Four numbers govern the whole protocol. SN is assigned by the server and provides total ordering across all clients — this is what makes collaborative editing deterministic. CSN is the client's own counter, so the server can detect duplicate or out-of-order client submissions. RSN tells the server what the client has already seen, which is critical for garbage collection and catch-up. MSN is the minimum RSN across all connected clients — any operations before MSN can be safely garbage collected because all clients have acknowledged seeing them. All validation is enforced in Gleam at compile time.
JWT validation is another area where Gleam's type safety pays off. Every possible failure mode is an explicit variant: expired token, wrong tenant, wrong document, missing scope, invalid claim. The Gleam compiler forces every caller to handle all five error cases. In a dynamically typed language, it's easy to forget to check for tenant mismatches and accidentally leak cross-tenant data. Here, the compiler won't let you.
All Fluid Framework message types are modeled as a single algebraic data type. When you pattern match on a MessageType in Gleam, the compiler will error if you forget to handle any variant. This is especially important as the protocol evolves — adding a new message type will cause compile errors everywhere it needs to be handled, rather than silently falling through to a default case. ConnectionMode similarly prevents accidentally allowing writes from read-only connections.
When the server needs to reject an operation, it sends a Nack — a negative acknowledgment. Each error type maps to an HTTP-like status code so clients can programmatically handle them. The constructor functions provide semantic, self-documenting ways to create nacks. For example, invalid_csn includes both the expected and actual values for debugging. read_only_client is used when a read-mode connection tries to submit an operation. The client receives these as structured objects, not opaque error strings.
Signals are ephemeral messages — things like cursor positions, selection highlights, or typing indicators. Unlike operations, they're not sequenced or persisted. Levee supports two signal formats: v1 which is a simple broadcast, and v2 which adds client targeting — you can send a signal to a specific client or exclude certain clients. The normalize_signal function auto-detects the format and converts to a unified internal representation. The targeting logic determines which clients should receive each signal, which is important for features like "show my cursor only to the person I'm collaborating with."

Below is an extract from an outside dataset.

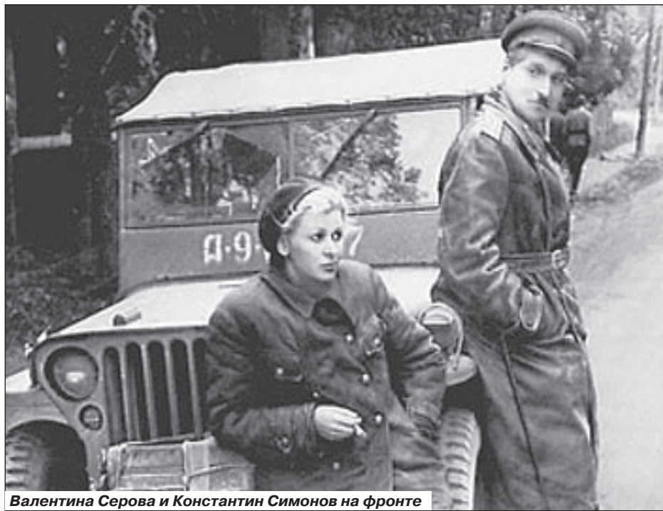
Валентина Серова и Константин Симонов на фронте

Страсть? Да, конечно. Но опять-таки, вопреки расхожим представлениям, не только ночь и постель связывали этих двоих. Страсть, как жажда, проходит после утоления. Просто красивая, просто сексапильная женщина вряд ли стала бы единственной для такого человека, как Константин Симонов. Он

Validation functions are composable — they all return Result types, so you can chain them with Gleam's use syntax. Each validates one concern: message size limits prevent abuse, write mode check ensures read-only clients can't submit ops, and scope validation enforces fine-grained permissions. Because they return typed errors, the calling code always knows exactly what went wrong and can generate the appropriate nack response.
To summarize the Gleam story: it's about making bugs impossible rather than just unlikely. You can't construct an invalid SequenceState. You can't forget to handle a message type. You can't accidentally mutate state. And all of this comes at zero runtime cost — it's just BEAM bytecode. The compile-time checking doesn't add any overhead. If you're building something where correctness matters — and a collaborative editing protocol definitely qualifies — this is a powerful approach.

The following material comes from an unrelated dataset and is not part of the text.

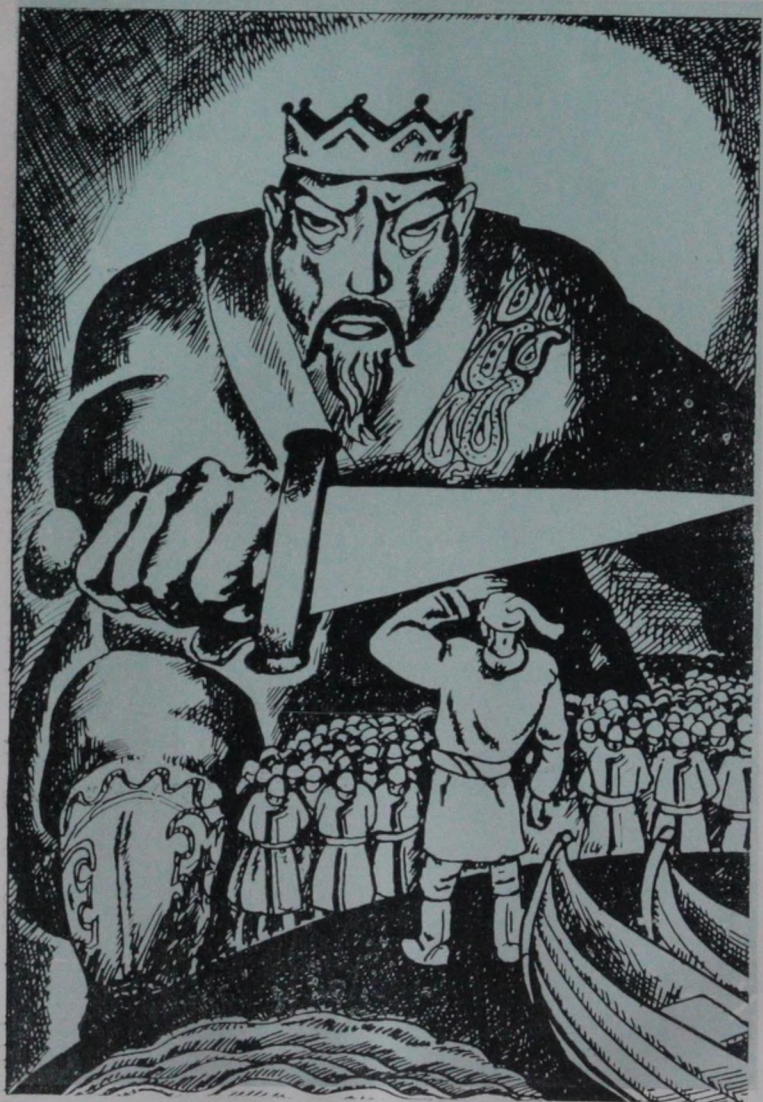
«Оскүс-Уул» деп чөрчөк аайынча журук

On the Elixir side, we're standing on the shoulders of very mature libraries. Bandit is a pure-Elixir HTTP server that handles HTTP/1.1, HTTP/2, and WebSocket. Phoenix provides the routing and channel infrastructure. JOSE handles JWT cryptography. libcluster enables multi-node deployments with automatic node discovery. Storage is pluggable — ETS for development gives you an in-memory backend that's fast and needs no setup, while the PostgreSQL backend via the Gleam levee_storage package provides durability for production.

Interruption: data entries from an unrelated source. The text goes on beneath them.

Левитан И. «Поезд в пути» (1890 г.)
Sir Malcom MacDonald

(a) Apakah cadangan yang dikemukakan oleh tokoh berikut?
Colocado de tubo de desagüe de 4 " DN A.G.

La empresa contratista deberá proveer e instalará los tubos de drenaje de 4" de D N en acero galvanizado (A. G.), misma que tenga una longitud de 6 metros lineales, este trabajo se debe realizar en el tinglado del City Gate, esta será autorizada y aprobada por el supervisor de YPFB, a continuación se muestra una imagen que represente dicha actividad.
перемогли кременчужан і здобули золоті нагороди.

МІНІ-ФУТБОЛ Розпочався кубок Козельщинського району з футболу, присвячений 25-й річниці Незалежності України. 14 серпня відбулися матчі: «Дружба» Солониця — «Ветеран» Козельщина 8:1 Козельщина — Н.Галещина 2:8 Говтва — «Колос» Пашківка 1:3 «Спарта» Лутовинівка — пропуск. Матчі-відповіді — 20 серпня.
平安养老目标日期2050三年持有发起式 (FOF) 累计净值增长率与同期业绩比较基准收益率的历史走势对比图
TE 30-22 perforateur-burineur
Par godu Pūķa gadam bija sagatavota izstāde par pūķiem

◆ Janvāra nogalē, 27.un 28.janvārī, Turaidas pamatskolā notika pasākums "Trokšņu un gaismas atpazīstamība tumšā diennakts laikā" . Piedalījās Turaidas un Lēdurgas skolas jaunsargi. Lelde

Here's the Elixir application structure. The auth directory has grown significantly — gleam_bridge.ex wraps the Gleam levee_auth package, providing idiomatic Elixir access to password hashing, user management, session management, tenant operations, and token minting. Documents still follows the same pattern: a dynamic supervisor spawns a GenServer per document. Storage now has two backends — gleam_ets for development and gleam_pg for PostgreSQL in production, both implementing the same behaviour. The OAuth directory is new, supporting GitHub OAuth for the admin UI and user-facing auth.
Each document gets its own GenServer process — this is the OTP model for isolation. If one document's process crashes, it doesn't affect any other documents. The session struct holds the Gleam SequenceState, the list of connected clients, a rolling history of the last 1000 operations for catch-up when new clients join, and any pending summary operations. When an operation comes in, the GenServer calls into the Gleam sequencing module to assign a sequence number. If it succeeds, the sequenced operation gets broadcast to all connected clients via Phoenix PubSub.
The Protocol Bridge module is the glue between Elixir and Gleam. Gleam modules compile to Erlang modules with names like colon-levee_protocol-at-sequencing. The bridge wraps these calls with idiomatic Elixir patterns — converting Gleam result tuples, normalizing error types, and providing a clean API for the rest of the Elixir codebase. There's also a separate auth bridge — gleam_bridge.ex in the auth directory — that wraps the Gleam auth module for user management, sessions, and token operations.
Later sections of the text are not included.